Others have proposed replacing direct citizen input with the data emitted from our use of digital applications, such as social media, web browsing, location-based apps, and payment processors. According to proponents, this incidental data provides much richer, more up-to-date, and more accurate information about citizens’ preferences and beliefs than voting. These proposals indicate that governments should therefore rely less on votes and instead expand the collection and processing citizens’ digital data. Obviously, such proposals come with privacy concerns that would be difficult to overcome. But they also face a more fundamental problem. While these proposals may do better than conventional voting in aligning legislation with citizens’ consumption preferences, the point of political participation is not, or not only, to have our economic desires reflected in policy. For many political philosophers, the point of political participation is to render one’s considered judgments about justice and the common good, reached in part through deliberation with one’s fellow citizens. From this perspective, proposals that bypass human reasoning and deliberation misunderstand the point of democratic participation.

Societies cannot make informed decisions about how to integrate AI into politics without defensible solutions to these trade-offs. Here, democratic theory can help, as many of these trade-offs are familiar from long-standing debates about the ideals of democracy. Democratic theorists have proposed competing solutions, including the elite theory of democracy, which seeks to limit the role of citizens in politics to periodically checking the conduct of skilled representatives; the aggregative conception of democracy, which seeks to maximize the satisfaction of citizens’ preferences; and the deliberative conception of democracy, which seeks to reach robust decisions through the public exchange of reasons. Each conception is controversial and faces well-known objections. But studying the merits and drawbacks of these conceptions can help put proposals for democratic innovation on more secure foundations.

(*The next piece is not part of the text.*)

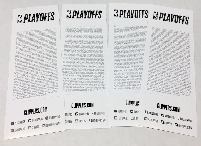 What's Buzz-worthy: These were in a bulk lot I grabbed and aesthetically they're not all that and a bag of chips. If they were a pro wrestler they'd be named El Generico ... except, well, that would be an insult to El Generico. I'm not sure what regular Clippers tickets might look like but other than some matte and spot gloss effects here they're pretty simple. Granted, these were likely prepped for season ticket holders in advance (hence the TBD part and there being two for games never played as the Clippers didn't advance) but still. About the only saving grace here is that the tickets might look decent inked as there's plenty of space for a good sig ... but they wouldn't be for the home team. The Clippers had plenty of guys scoring in double-digits in both games as a depth showcase but these are all about Durant, Curry or Thompson beyond a strong Clippers rookie showing. The Warriors took a 3-1 series lead with these wins and it was over in Game 6, making the blue tickets meaningless. The Warriors went all the way to the NBA Finals and lost to Toronto with their big star joining the Clippers the next year.

AI also offers a more foundational challenge to democracy, as it might someday enable us to eliminate citizen participation altogether. Imagine a superintelligent AI system that has been trained on all recorded human knowledge. Its abilities to promote justice and the common good far exceed those of any imaginable democracy. I call this thought experiment the Algocrat, and it forces us to reflect on why—and to what extent—democracy is worth preserving. Common arguments on behalf of democracy focus on its ability to produce superior outcomes or its ability to resolve disagreements about who is most competent to rule. The Algocrat experiment shows that artificial intelligence may someday do better than democracy on these grounds. Should we seek to replace democracy with rule by AI? If not, what is it about democracy that makes it a form of governance that we should seek to preserve?

Although democratic theory already has much to contribute to current debates about integrating AI into democracy, received wisdom has less to teach us about democracy’s long-term value. Philosophers have debated the merits of democracy for millennia, but until recently, the idea that humans might be a dispensable feature of politics was largely unimaginable. To help societies navigate new challenges and opportunities posed by artificial intelligence, political philosophy stands in need of an upgrade.